Kopalnie trują i za to nie płacą

Krzysztof Maciejewski
opublikowano: 1999-09-06 00:00

Kopalnie trują i za to nie płacą

Resort ochrony środowiska nie jest zadowolony z korekty programu restrukturyzacji górnictwa. Tym bardziej że spółki węglowe trują i nie płacą nakładanych na nie kar.

Konflikt o pieniądze należne Narodowemu Funduszowi Ochrony Środowiska i Gospodarki Wodnej nie skończył się na kolejnych umorzeniach brudnych długów górnictwa. Rok temu NFOŚiGW świadomie „zapomniał” o 3,3 mld zł należnych mu od branży pieniędzy. Szybko okazało się jednak, że spółki węglowe całkowicie zaniechały regulacji z tytułu kar i opłat wynikających m.in. z przepisów prawa wodnego.

Zapomniane pieniądze

— Nie ma nic dziwnego w tym, że kopalnie liczą na kolejne oddłużenie.

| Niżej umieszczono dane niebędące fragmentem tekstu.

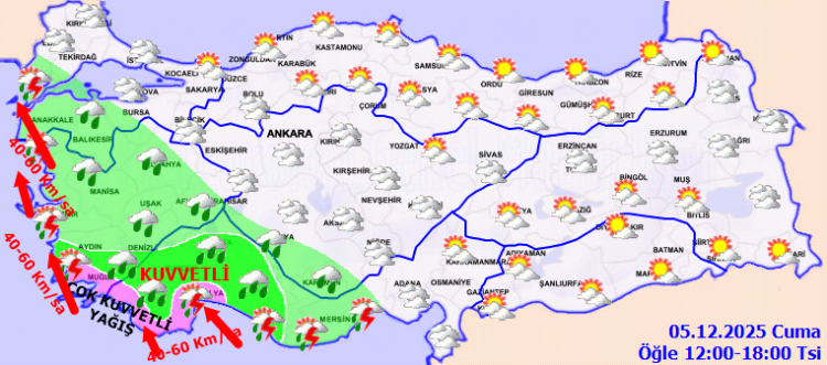 ANKARA (İGFA) – Meteoroloji Genel Müdürlüğü’nden yapılan son açıklamaya göre, 5 Aralık 2025 Cuma günü sabah saatlerinden itibaren bazı bölgelerde kuvvetli ve yer yer şiddetli yağışlar görülecek.

Nie takie jednak były intencje autorów reformy, która dziś ogranicza się właściwie do restrukturyzacji zatrudnienia — twierdzi Marek Michalik, podsekretarz stanu w resorcie ochrony środowiska.

Przygotowywana przez rząd korekta przewiduje zaprzestanie oddłużania tych kopalni, które nie dotrzymują warunków ustawy o reformie górnictwa. Prawo nakłada na spółki węglowe obowiązek regulowania od 1 stycznia tego roku bieżących opłat podatków i składek ZUS. Jednak o długach zaciągniętych w narodowym i wojewódzkich funduszach ochrony środowiska ustawodawca nawet się nie zająknął. A szkoda, bo NFOŚiGW miał współfinansować proekologiczne inwestycje w kopalniach. Teraz pewnie się na to nie zdecyduje z braku środków.

Kasa w rękach Ameryki

Rząd liczy na 1 mld USD (4 mld zł) z Banku Światowego. Ministrowie nie mogą jednak zapominać, że waszyngtońscy urzędnicy kładą na ekologię szczególny nacisk.